Use GPU in docker container and Kubernetes/OpenShift

Xin Cheng
7 min readFeb 18, 2021

Using GPU on managed machine learning platform (e.g. Azure machine learning, Amazon Sagemaker, Google Cloud AI Platform) is easy, as lots of details are abstracted away from. For example, when you use their machine learning SDK, your machine learning code is usually packaged into a docker container with the supporting machine learning framework and executed on the platform, and usually you don’t need to build the container yourself, since the platform does this all for you. However, if you don’t have access to these platforms, but still want to leverage modern container approach in your machine learning development lifecycle, you need to know a bit more how code from within a container can leverage the GPU installed on the host machine.

NVIDIA AI GPUs and CUDA are the most popular in this domain, so we will focus on them now. The following article actually explains the process on docker very well. Before continuing, read the article first. Below I add my understanding as a complement to help you understand better.

Run on docker

  1. You don’t need to install NVIDIA CUDA driver in docker image. GPU is a specific hardware, and usually you need to install the driver for it (like printer driver). You can do it (it is called brute force approach in above article). However, the challenges are that there are lots of different GPU, installing a specific GPU driver means the docker image is bound to the GPU the driver is targeted for, which increases management burden and defeats the purpose of portability. In addition, when I want to build a NVIDIA CUDA myself on a server without GPU, it simply fails. From the following image, CUDA driver is installed on host OS, while docker image only contains CUDA toolkit. This keeps docker image CUDA-driver agnostic, making it more portable and stable.

2. However, when your container runs, it still needs CUDA driver to properly access GPU on host server. To do this, NVIDIA provides container runtime library and NVIDIA docker, when you use NVIDIA docker to launch container image, it automatically configures containers to leverage NVIDIA GPUs installed on the host OS. The difference between plain docker command is just to add “ — gpus <number of gpus or all>”.

3. Usually you would use pytorch or tensorflow image from docker hub to build your custom image.
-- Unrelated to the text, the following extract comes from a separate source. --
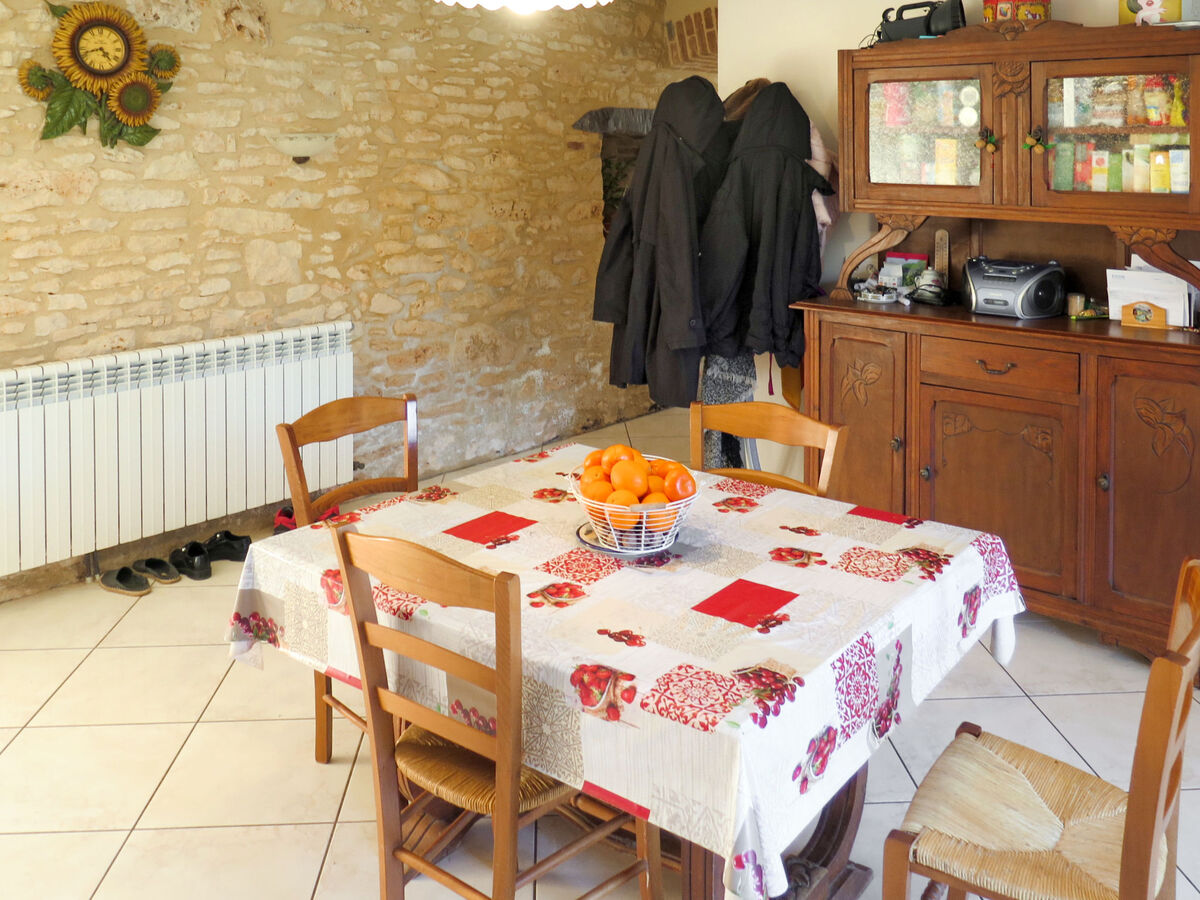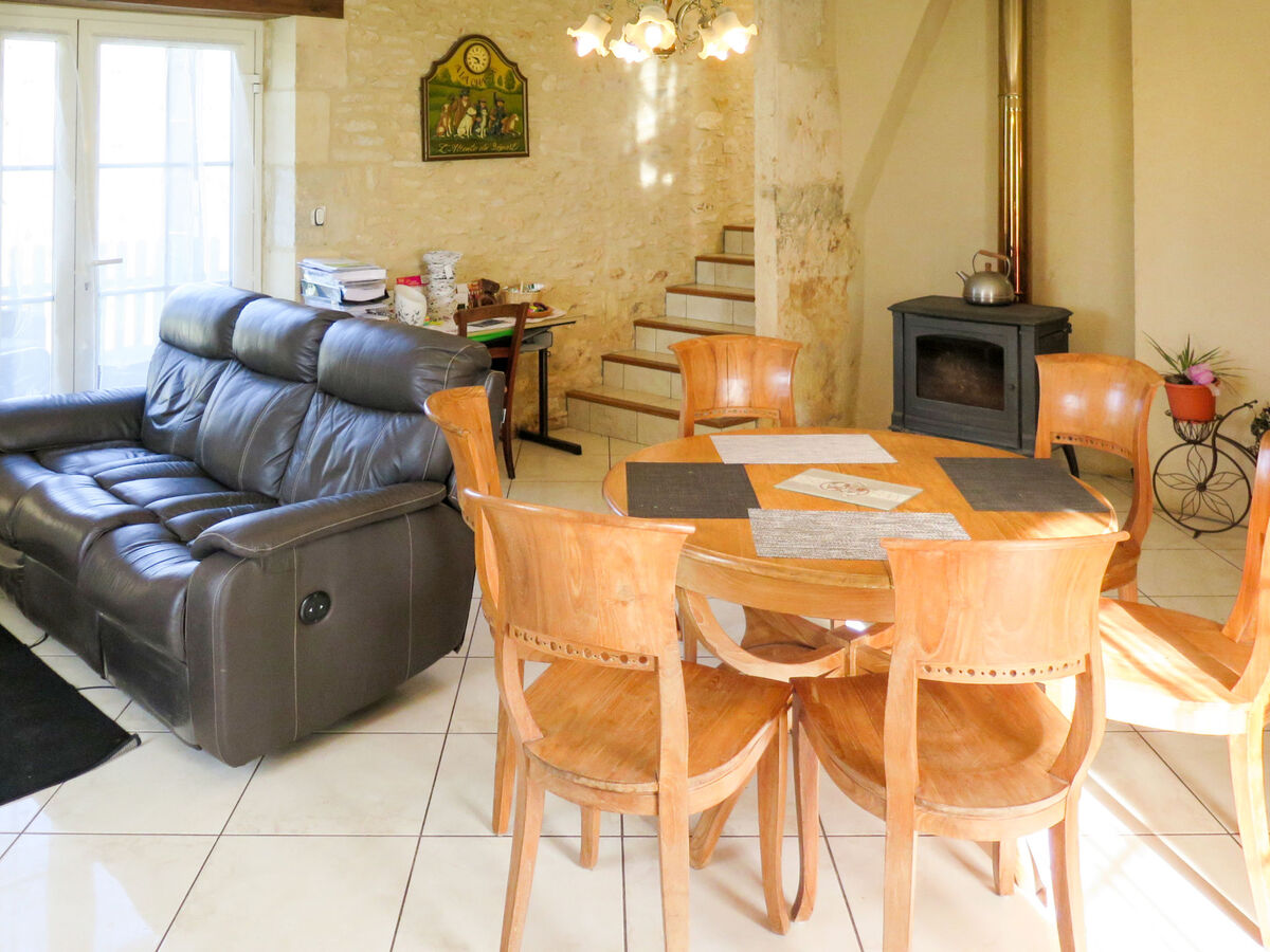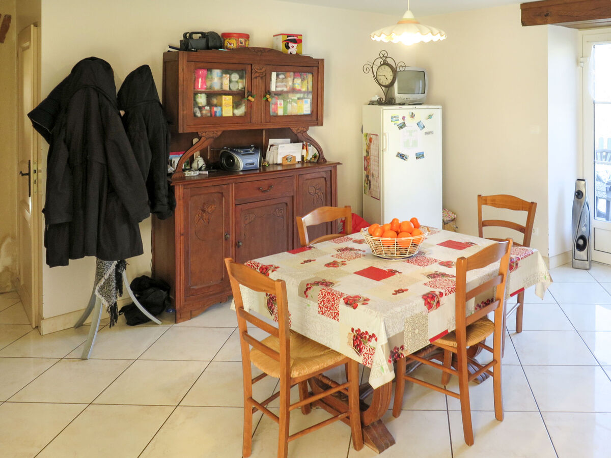 Aménagement confortable et agréable: séjour/salle à manger avec table pour les repas, TV (satellite), radio, DVD et poêle à bois.
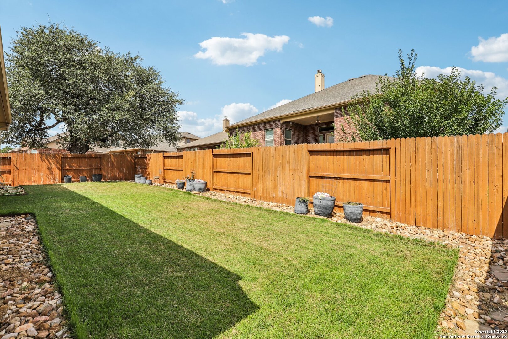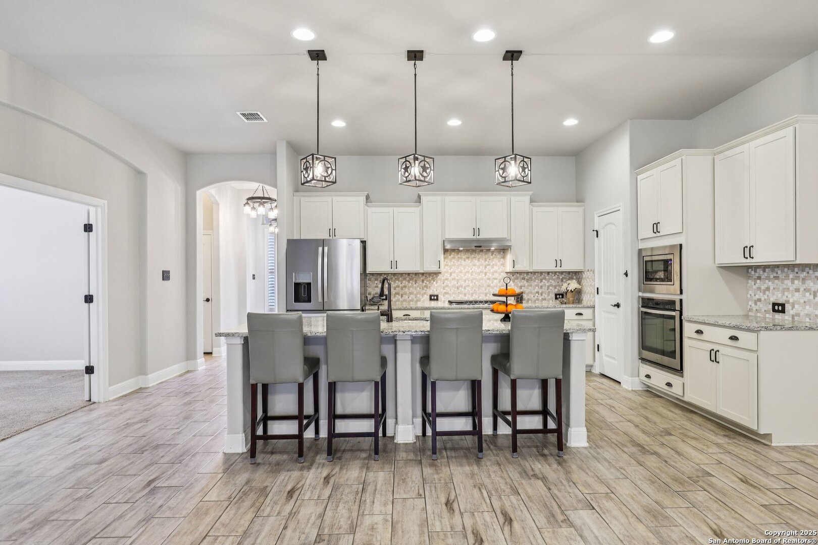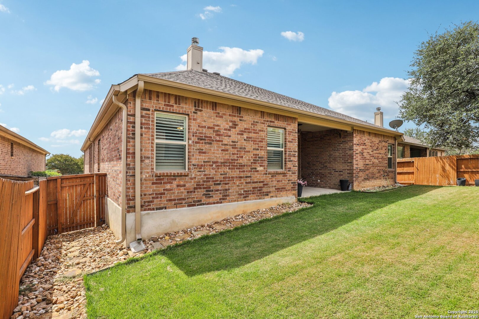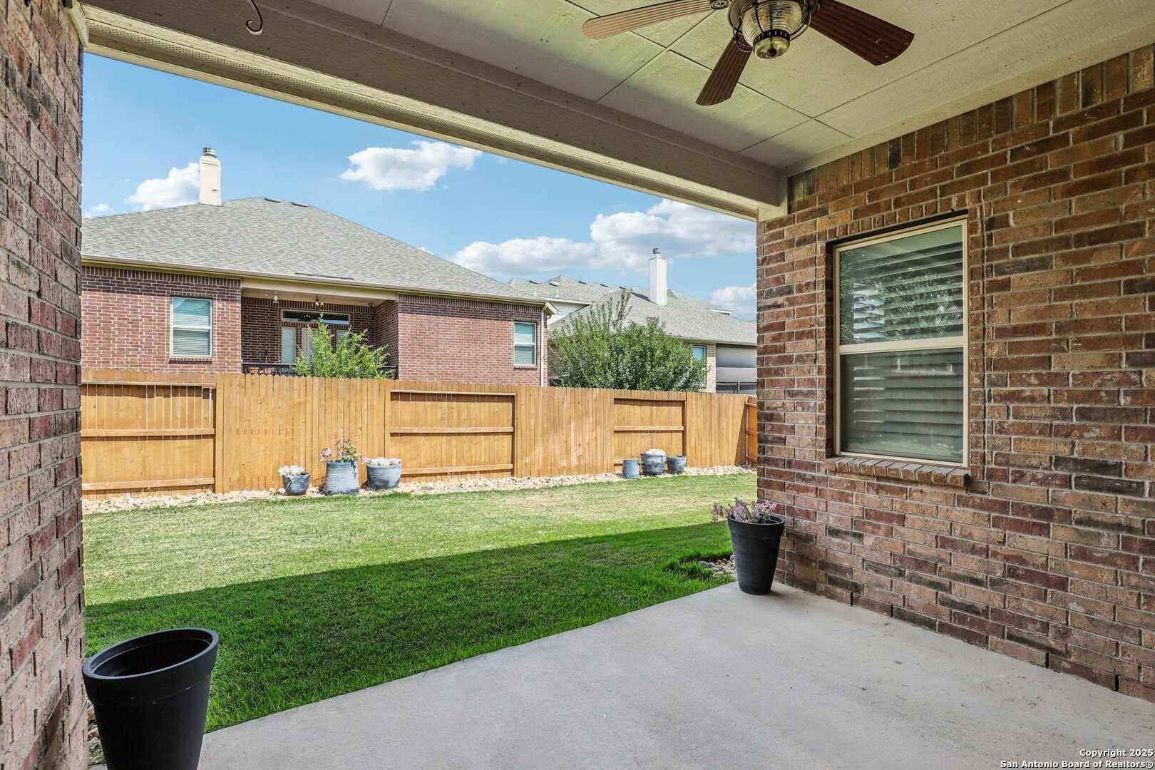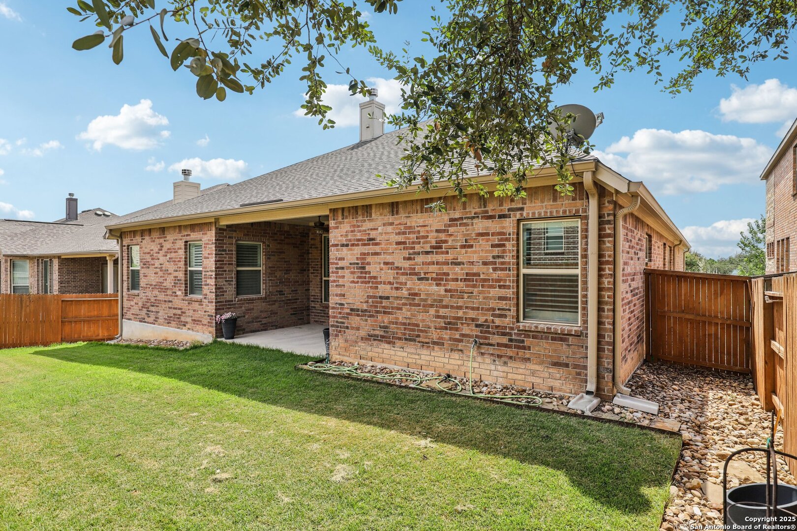 Discover the perfect blend of elegance and functionality in this stunning one-story residence, designed for both relaxation and entertaining. As you step through the inviting etched glass front door featuring a Texas Star, you'll be greeted by a warm foyer with exquisite hand-laid ceramic tiles that resemble rich hardwood flooring. The spacious open floor plan effortlessly guides you from a sophisticated study to a gourmet kitchen that will delight any chef. With gorgeous granite countertops, a high-end gas cooktop, and a striking island highlighted by Texas Star pendants, this kitchen is a culinary masterpiece. The breakfast bar flows seamlessly into a charming family room, complete with a fireplace and custom built-ins, creating the ideal space for unforgettable gatherings. An elegant formal dining room awaits, ready to host all your celebrations and family dinners. Retreat to your private primary suite, a true sanctuary featuring a luxurious en-suite bath with dual vanities, his and hers closets, a relaxing garden tub, and an oversized shower designed for ultimate serenity. Two additional well-appointed bedrooms and a spacious hall bath provide comfort for family and guests. Plus, the dedicated media room is perfect for cozy movie nights and entertainment! Step outside to your expansive covered patio and beautifully landscaped backyard-a true outdoor oasis for summer barbecues and peaceful afternoons in the fresh air. Don't forget the spacious three-car garage for all your storage and parking needs! Nestled in a friendly neighborhood with fantastic amenities, including a charming park and playground, this exceptional home perfectly combines classic Texas charm with modern conveniences. Discover the extraordinary features this Hill Country gem has to offer!

Make sure the version is compiled with the correct NVIDIA CUDA version on host OS, otherwise, code in container won’t recognize GPUs on host OS. To check NVIDIA CUDA version, run nvidia-smi on host OS, you will see “CUDA version”, then in docker hub, you need to look for tag that’s containg cuda<CUDA version on host OS>

For example, host OS nvidia-smi result

+ — — — — — — — — — — — — — — — — — — — — — — — — — — — — — — — — — — — — — — -+

| NVIDIA-SMI 418.165.02 Driver Version: 418.165.02 CUDA Version: 10.1 |

| — — — — — — — — — — — — — — — -+ — — — — — — — — — — — + — — — — — — — — — — — +

In docker hub, look for cuda10.1, e.g. 1.6.0-cuda10.1-cudnn7-runtime, 1.6.0-cuda10.1-cudnn7-devel.

Run on Kubernetes/OpenShift

Kubernetes/OpenShift has a different layer, scheduling layer. The cluster may contain GPU nodes and non-GPU nodes, if you want to run GPU code, you don’t want your Pod to be scheduled on GPU nodes. So on cluster side, there is something called “device plugin” to let Pods access specialized hardware features such as GPUs. On OpenShift, NVIDIA GPU Operator further automates the procedure.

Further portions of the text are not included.